$\sigma =\$2.04, n=18$

The formula used: $\overline{x}=\frac{1}{n}\times \sum _{i=1}^{n}xi$ and $\overline{x}-z_{0.005}\times \frac{\sigma }{\sqrt{n}}$

Let $\mu$ be the population's mean venture capital investment.

Given that population S.D. $\sigma =\$2.04$ million and sample of size $n=18$

Let $x_i$ be $i-th$ sample observation on venture-capital investment $x_{i}i=1,2,\dots ,18$

From the data $\sum _{i=1}^{18}xi=113.97$

As a result, the average of all venture capital investment

$\therefore \overline{x}=\frac{1}{n}\times \sum _{i=1}^{n}xi=\frac{1}{18}\times 113.97=6.3317$

We have to find $99\%$ confidence interval of $\mu$

$\therefore$ Confidence level $=99\%=100\times 0.99\%$

$\therefore 1-\alpha =0.99$

$\Rightarrow \alpha =0.01$

$\therefore z_{\frac{\alpha }{2}}=z_{\frac{0.01}{2}}=z_{0.005}=2.575$

$99\%$ The confidence interval of $\mu$ is given by $\left(\overline{x}-z_{0.005}\times \frac{\sigma }{\sqrt{n}},\overline{x}+z_{0.005}\times \frac{\sigma }{\sqrt{n}}\right)$

$$\begin{gathered} \therefore \overline{x}-z_{0.005}\times \frac{\sigma }{\sqrt{n}} \\ =6.3317-2.575\times \frac{2.04}{\sqrt{18}} \\ =6.3317-1.2381 \\ =5.0936 \end{gathered}$$

$$\begin{gathered} \overline{x}+z_{0.005}\times \frac{\sigma }{\sqrt{n}} \\ =6.3317+1.2381 \\ =7.5698 \end{gathered}$$

$\therefore 99\%$ The confidence interval of $\mu$ is $(5.0936,7.5698)$

i.e., the average amount of venture capital investments in fiber optics is between $\$5.0936$ million and $\$7.598$

The $100(1-\alpha )\%$ confidence interval of the population mean $\mu$ is given by

$\left(\overline{x}-Z_{\frac{\alpha }{2}}\times \frac{\sigma }{\sqrt{n}},\overline{x}+Z_{\frac{\alpha }{2}}\times \frac{\sigma }{\sqrt{n}}\right)$

Length of the confidence interval of $\mu$

=Upper confidence limit -lower confidence limit

$$\begin{gathered} =\left(\overline{x}+z_{\frac{\alpha }{2}}\frac{\sigma }{\sqrt{n}}\right)-\left(\overline{x}-z_{\frac{\alpha }{2}}\frac{\sigma }{\sqrt{n}}\right) \\ =2\times z_{\frac{\alpha }{2}}\frac{\sigma }{\sqrt{n}} \end{gathered}$$

Now confidence level $1-\alpha$ is increasing

$\iff$ value of $\alpha$ is decreasing

$\iff$ value of $\frac{\alpha }{2}$ is decreasing......(A)
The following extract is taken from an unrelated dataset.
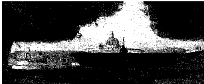
Jen Baptiste Corot, «La vasca di villa Medici», una delle opere più importanti del maestro francese

Vanno ricordate alcune figure e ritratti come quelli delle signorine Sunnegon, la Ragazza che fa toeletta e la famosa Marietta, odalisca romana che nel disegno sintetico e nella definizione di uno spazio creato unicamente dai toni e dalle linee prelude alla pittura di Cézanne, così come l'attenzione per i valori atmosferici ha anticipato gli impressionisti. Corot muore a Parigi nel 1875, a 79 anni.

$\iff$ value of ${\mathrm{z}}_{\frac{\alpha }{2}}$ is decreasing......(B)

$\iff$ value of $2\times {\mathrm{z}}_{\frac{\alpha }{2}}\times \frac{\sigma }{\sqrt{n}}$ is decreasing.....[Since particular sample size $n$ is constant $\&$ $\sigma$ population S.D. (known) is also constant

Increasing the confidence level increases the length of the confidence interval.

As a result, the $99\%$ confidence interval is longer than the $95\%$ confidence interval reported in the $8.31$ exercise.

The step's justification $\left(\mathrm{A}\right) Leftrightarrow\left(\mathrm{B}\right)$

i.e. "if $\alpha$ decreases value of $z_{\alpha }$ increases \& vice -versa"

$z_{\alpha }$ is the upper $\alpha$-point of the standard normal distribution.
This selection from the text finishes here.